- What you have to do:
Output the complete listing exactly, please, and keep the pictures out of it.

- Material for the task:
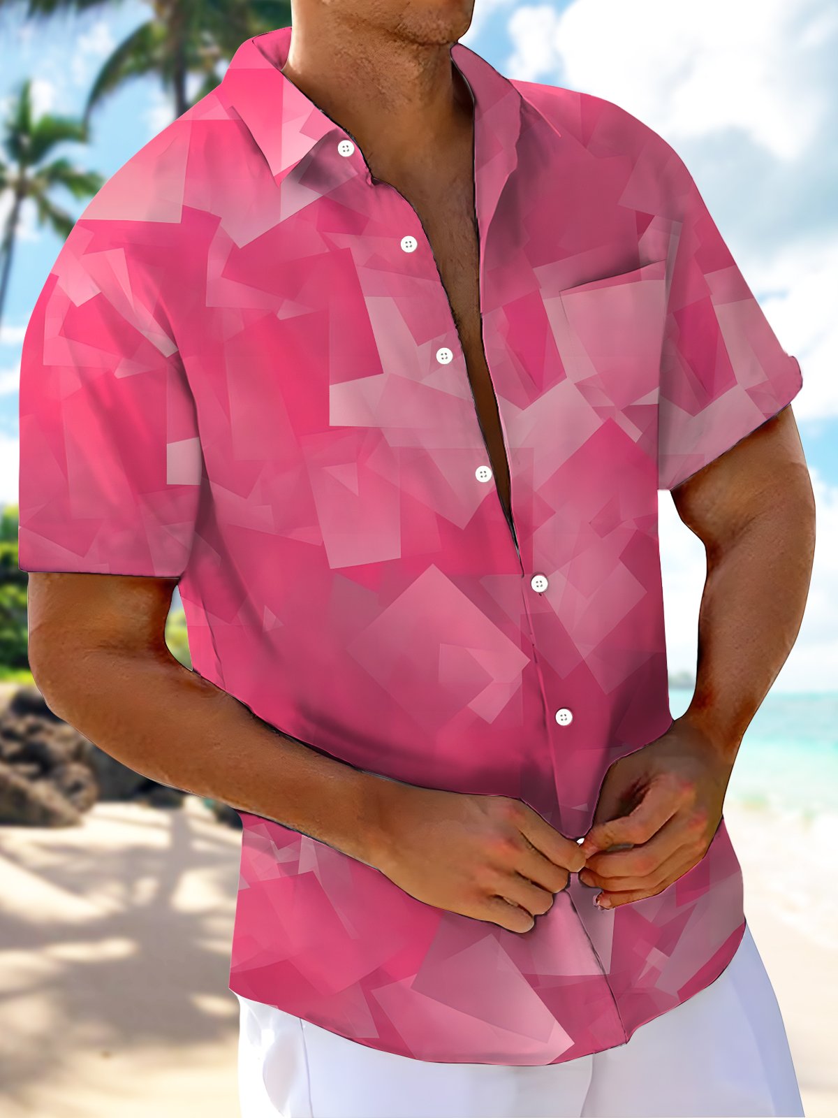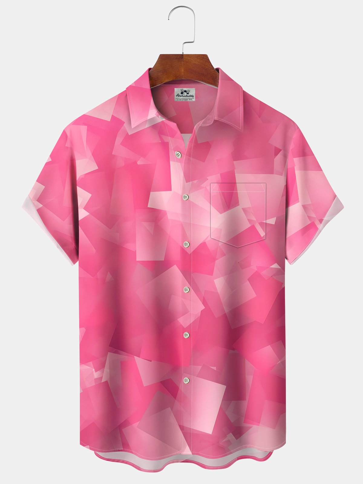 Alohadaddy® Casual Geometric Art Print Moisture Wicking Chest Pocket Stretch Oversized Hawaiian Shirt
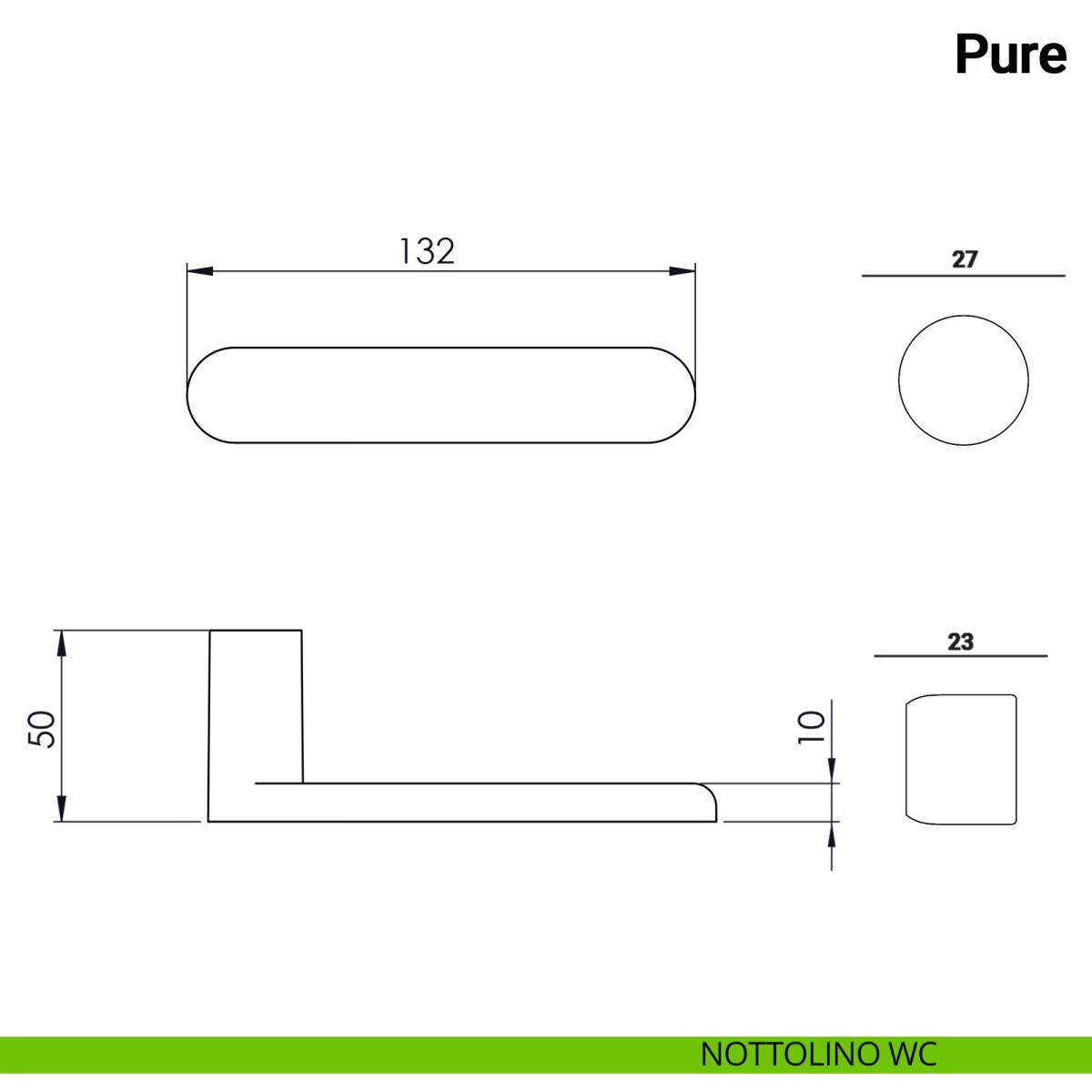 Nottolino WC per porte interne Punto Minimal serie Nuda Verum Italy senza rosetta, foratura nel pannello porta ø16, suggerito per tutte le maniglie e i pomoli Nuda.
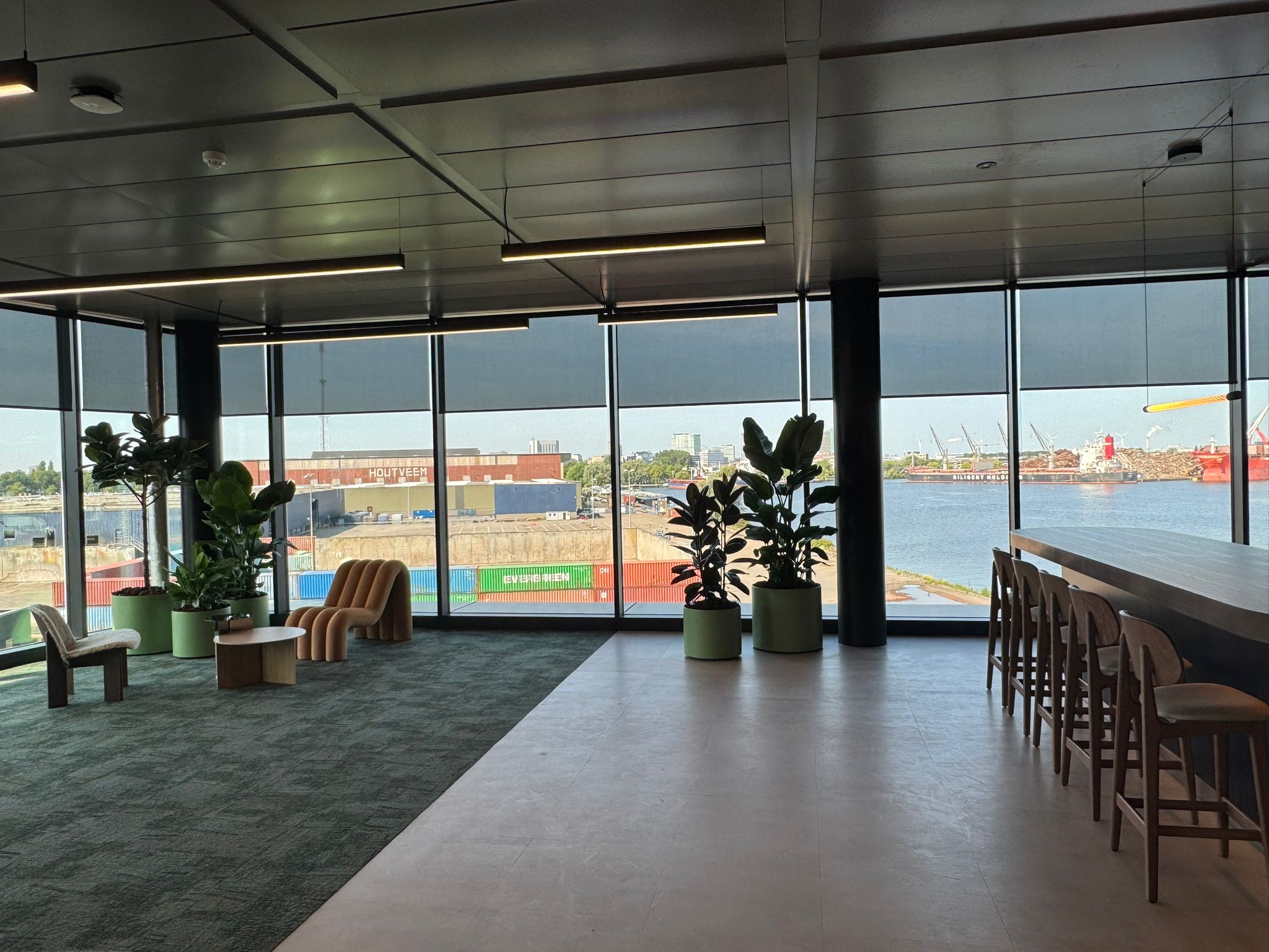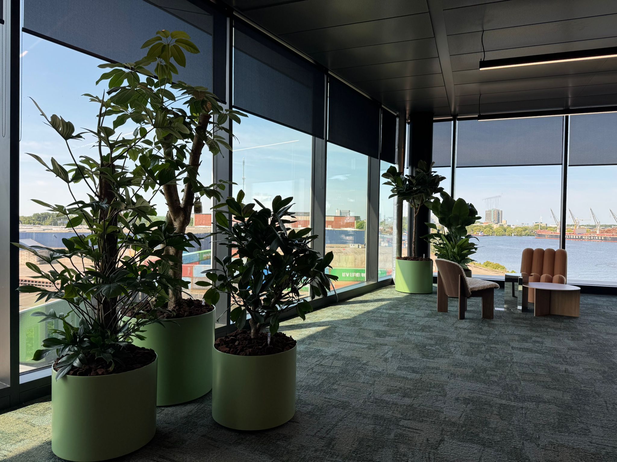 Voor dit project verzorgde Bloei Interieurbeplanting een groene inrichting die perfect aansluit bij het moderne interieur en de warme, open sfeer van het kantoor. Er is gekozen voor een combinatie van grote en middelgrote planten in handgemaakte lichtgroene plantenbakken. De beplanting zorgt voor een frisse, natuurlijke uitstraling en verbetert de akoestiek en luchtkwaliteit in de ruimte. De plantenbakken zijn uitgevoerd in een zachte groentint die naadloos past bij het interieur en het uitzicht over het water versterkt. Zo vormt de groene inrichting een rustgevende verbinding tussen binnen en buiten.
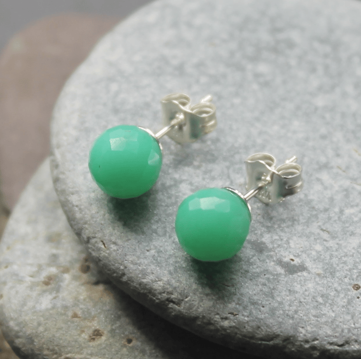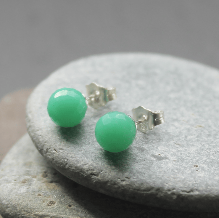 A pretty pair of delicately micro faceted 6mm chrysoprase rounds on sterling silver studs. The seafoam light green facets sparkle perfectly in the light and would make a perfect pop of colour to your day.
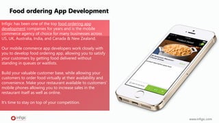Infigic is a leading food ordering app development company, offering comprehensive solutions for businesses in various regions including the US, UK, Australia, and India. The app provides a user-friendly interface with features like secure payment gateways, favorite products, and easy navigation to enhance customer experience and increase sales. With a focus on intuitive design and a robust development process, Infigic partners with clients to deliver high-quality mobile commerce applications tailored to their needs.
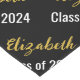 The table runner is black. It has a text pattern for the graduate's name and Class of 2024. The name (Shown: Elizabeth) appears in an elegant faux (not foil) gold script. The other text is white. All of the text can be edited.
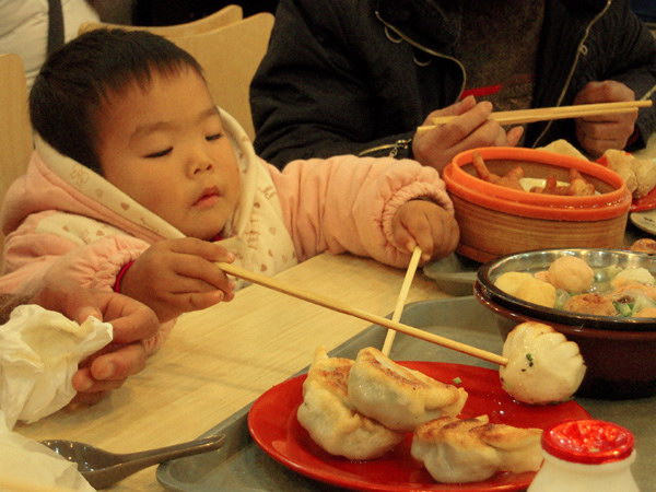 Здесь открытые кухни, с раковинами на улицах. В кухни лучше не заглядывать слабонервным, потому что срабатывает естественный рефлекс желудка, когда мозг осмысливает увиденные закопченные и замасленные тазы, сковородищи, ржавые трубы и засаленные раковины с открытой канализацией в полу. Но Китайцы не заморачиваются, вместо того чтобы мыть и чистить они просто дезинфицируют еду – варят и сильно жарят ее. Так что я говорю своему желудку : «Спок! Китайцы выживут, а ты можешь перетерпеть обед на печеньках» Они готовят тут же на уличной кухне, рядом стоят незамысловатые столы и едят все вместе. Хотя для китайцев нет культа еды, поэтому они довольны и схваченным на бегу жареным шашлычком, которые они делают из всего. Они едят на ходу, остановившись посреди улицы. А столовые приборы – это две деревянные палочки и пластмассовая глубокая ложка – даже в самых изысканных китайских ресторанах. А простые люди могут орудовать двумя палочками как экскаваторным черпаком, загребая пищу в рот подставленный прямо к тарелке.

- Solution:
 Alohadaddy® Casual Geometric Art Print Moisture Wicking Chest Pocket Stretch Oversized Hawaiian Shirt
 Nottolino WC per porte interne Punto Minimal serie Nuda Verum Italy senza rosetta, foratura nel pannello porta ø16, suggerito per tutte le maniglie e i pomoli Nuda.
 Voor dit project verzorgde Bloei Interieurbeplanting een groene inrichting die perfect aansluit bij het moderne interieur en de warme, open sfeer van het kantoor. Er is gekozen voor een combinatie van grote en middelgrote planten in handgemaakte lichtgroene plantenbakken. De beplanting zorgt voor een frisse, natuurlijke uitstraling en verbetert de akoestiek en luchtkwaliteit in de ruimte. De plantenbakken zijn uitgevoerd in een zachte groentint die naadloos past bij het interieur en het uitzicht over het water versterkt. Zo vormt de groene inrichting een rustgevende verbinding tussen binnen en buiten.
 A pretty pair of delicately micro faceted 6mm chrysoprase rounds on sterling silver studs. The seafoam light green facets sparkle perfectly in the light and would make a perfect pop of colour to your day.
Infigic is a leading food ordering app development company, offering comprehensive solutions for businesses in various regions including the US, UK, Australia, and India. The app provides a user-friendly interface with features like secure payment gateways, favorite products, and easy navigation to enhance customer experience and increase sales. With a focus on intuitive design and a robust development process, Infigic partners with clients to deliver high-quality mobile commerce applications tailored to their needs.
 The table runner is black. It has a text pattern for the graduate's name and Class of 2024. The name (Shown: Elizabeth) appears in an elegant faux (not foil) gold script. The other text is white. All of the text can be edited.
 Здесь открытые кухни, с раковинами на улицах. В кухни лучше не заглядывать слабонервным, потому что срабатывает естественный рефлекс желудка, когда мозг осмысливает увиденные закопченные и замасленные тазы, сковородищи, ржавые трубы и засаленные раковины с открытой канализацией в полу. Но Китайцы не заморачиваются, вместо того чтобы мыть и чистить они просто дезинфицируют еду – варят и сильно жарят ее. Так что я говорю своему желудку : «Спок! Китайцы выживут, а ты можешь перетерпеть обед на печеньках» Они готовят тут же на уличной кухне, рядом стоят незамысловатые столы и едят все вместе. Хотя для китайцев нет культа еды, поэтому они довольны и схваченным на бегу жареным шашлычком, которые они делают из всего. Они едят на ходу, остановившись посреди улицы. А столовые приборы – это две деревянные палочки и пластмассовая глубокая ложка – даже в самых изысканных китайских ресторанах. А простые люди могут орудовать двумя палочками как экскаваторным черпаком, загребая пищу в рот подставленный прямо к тарелке.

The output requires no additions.